The first mayor to feel that the city mace should be bigger was Roger Hewlett (Mayor in 1573). He "gave the mayor’s great mace, for before it was not much bigger than a sergeant’s mace".
In 1651 another mayor, William Chillingworth, lent the city £18 towards the payment of a new (third) mace, and that one is still used today.
On 10 May 1660 when Charles II was proclaimed King in Oxford, orders were then given that the state’s arms on the great mace should be defaced and replaced by the King’s. The remodelled mace was first used at the Coronation of Charles II.
When a councillor was elected an Alderman in the seventeenth and eighteenth centuries, it was the custom for him to give the Macebearer a purse containg a "broad piece of gold".
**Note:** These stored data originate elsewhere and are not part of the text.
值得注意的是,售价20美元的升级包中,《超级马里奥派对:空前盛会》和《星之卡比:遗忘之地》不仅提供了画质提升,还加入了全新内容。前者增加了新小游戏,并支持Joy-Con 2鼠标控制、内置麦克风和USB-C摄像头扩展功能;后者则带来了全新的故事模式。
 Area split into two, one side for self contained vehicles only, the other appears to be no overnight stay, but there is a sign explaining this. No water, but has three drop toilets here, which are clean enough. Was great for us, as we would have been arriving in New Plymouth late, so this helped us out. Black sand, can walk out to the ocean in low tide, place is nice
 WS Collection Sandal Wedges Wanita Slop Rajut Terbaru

In 1826 the Oxford mace was described on a visit by the Lord Mayor of London as "a massive silver-gilt Mace — that usual ensign of magisterial authority".
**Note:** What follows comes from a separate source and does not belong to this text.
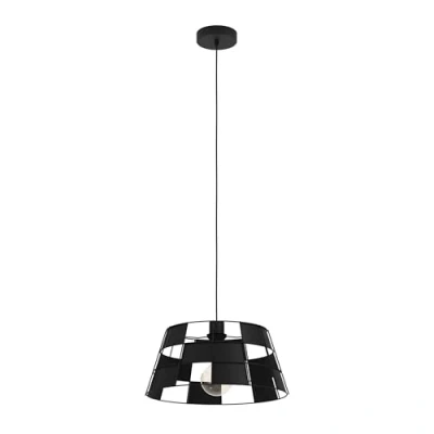 Amazon MarketplaceThis pendant light fixture features a round lampshade made of black steel which is suspended from a black metal canopy by a black textile cable; The square elements of the shade create a distinctive checkered pattern Whether suspended above a dining table or a kitchen island, this monochrome ceiling lamp seamlessly complements modern interior decor, providing atmospheric lighting for your living room, bedroom, kitchen or dining area Dimensions: height: 110 cm/ 43.31 in, diameter: 42 cm/ 16.54 in
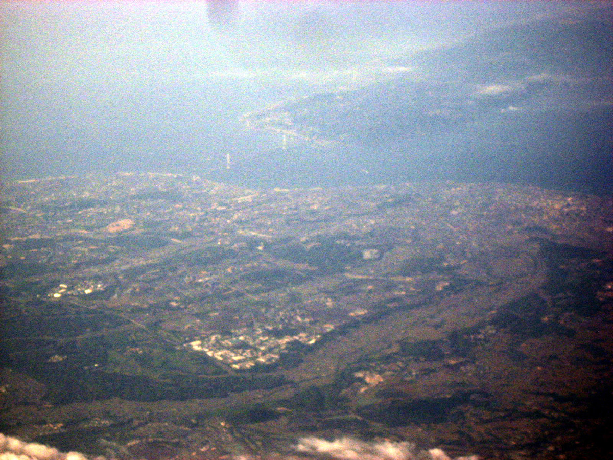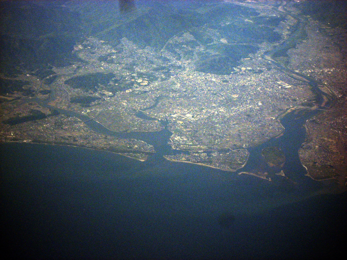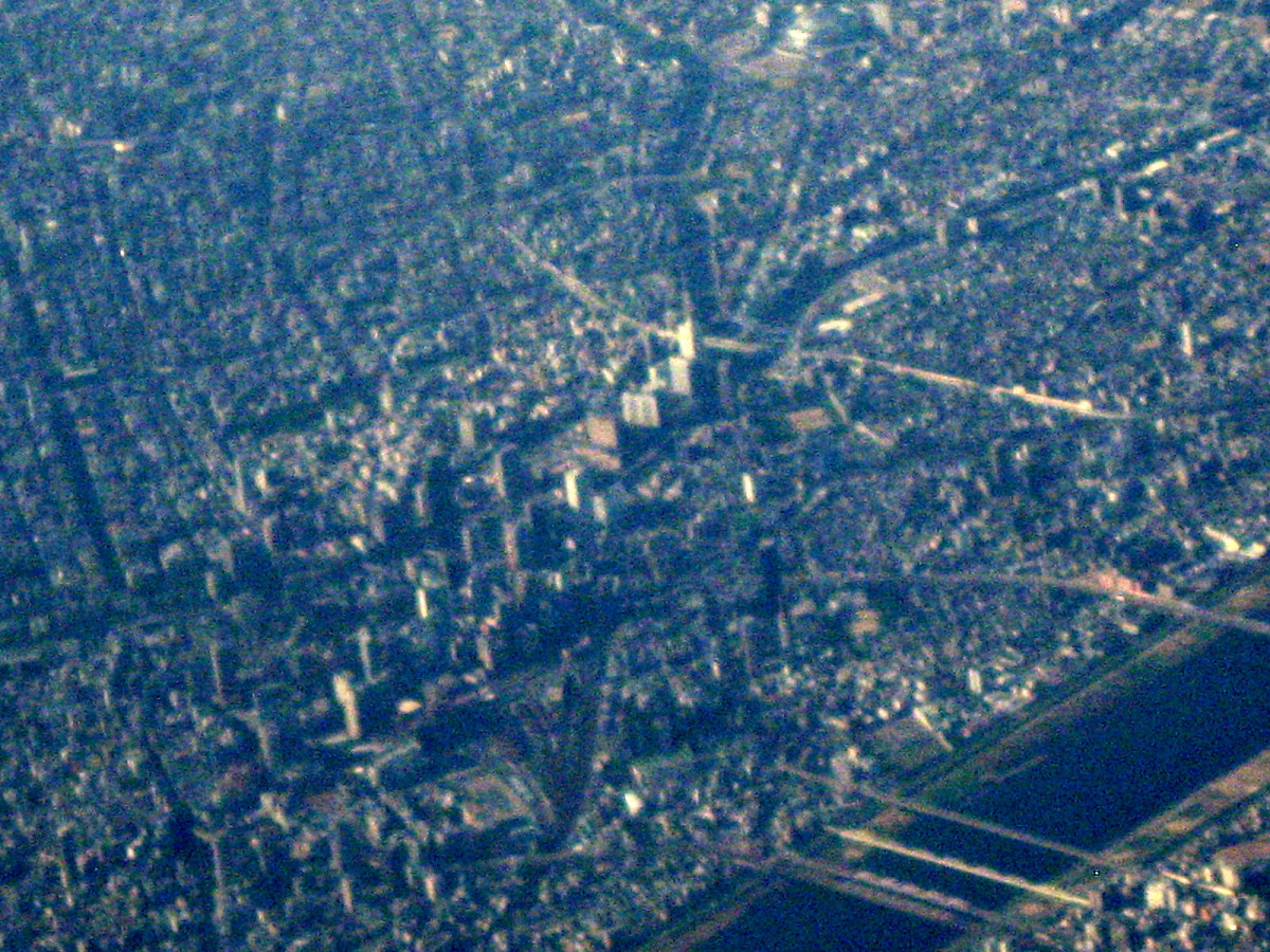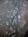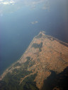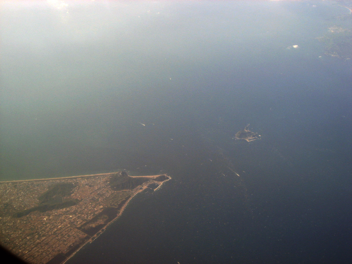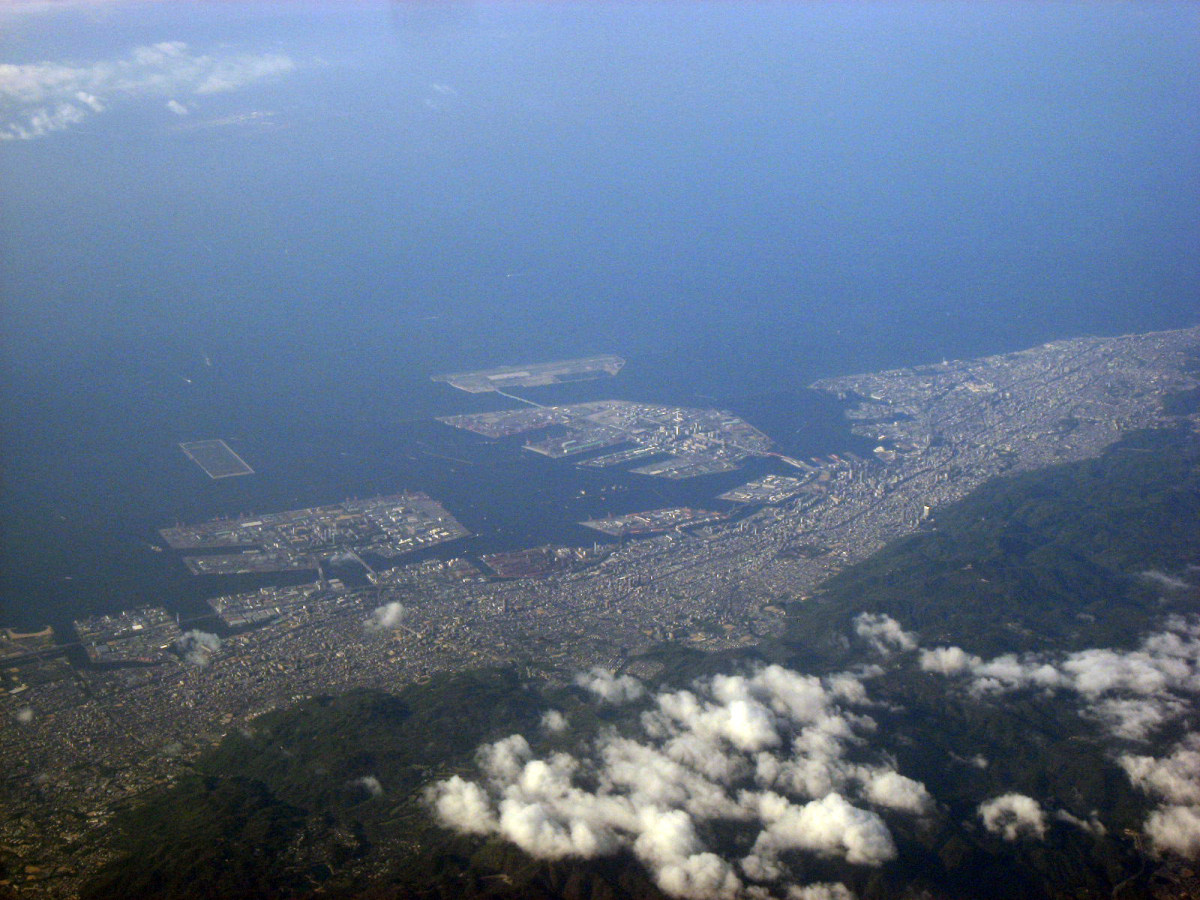 大阪湾に近づいてきました・伊丹空港がよく見えます。淀川が大きく湾に注ぎ込んでいます。

When Isaac Grubb was Mayor (1857/8), he refused to have "that bauble", namely the city mace, carried before him when he attended Carfax Church.

The above pictures were taken at the Remembrance Parade, 13 November 2005.
On the podium (including two people behind) are:
Lord Lieutenant (Hugo Brunner)
Vice-Chancellor of Oxford University (Dr John Hood)
Deputy Vice-Chancellor of Oxford Brookes University (Rex Knight)
President of the Oxford Branch of the British Legion (Fred Farley)
Lord Mayor (Bob Price)
High Sheriff (Ian Laing)
Chairman of the County Council (Councillor Mrs. Catherine Fulljames)
G.V. Cox in Recollections of Oxford (p. 74n) gives the following story about the staves and the mace on the occasion of the Prince Regent’s visit to Oxford in 1814:
It was intended that the Chancellor and the Mayor should formally surrender the University staves and the City mace into the Prince’s hand; this was done, in a hasty way, as to one of the gold staves; something of the same sort, and in a still more slovenly way, was done as to the City mace. 'Permit me,' said Lord Grenville, 'to surrender the authority of the University into your Royal Highness’s hands.' 'It cannot be in better hands', replied the Regent, with much grace, as he restored the gold staff to his Lordship.

Two staves and a mace at the Remembrance Day Parade in 2006.
Note the way the mace is carried on the shoulder, and the stave in the crook of the arm.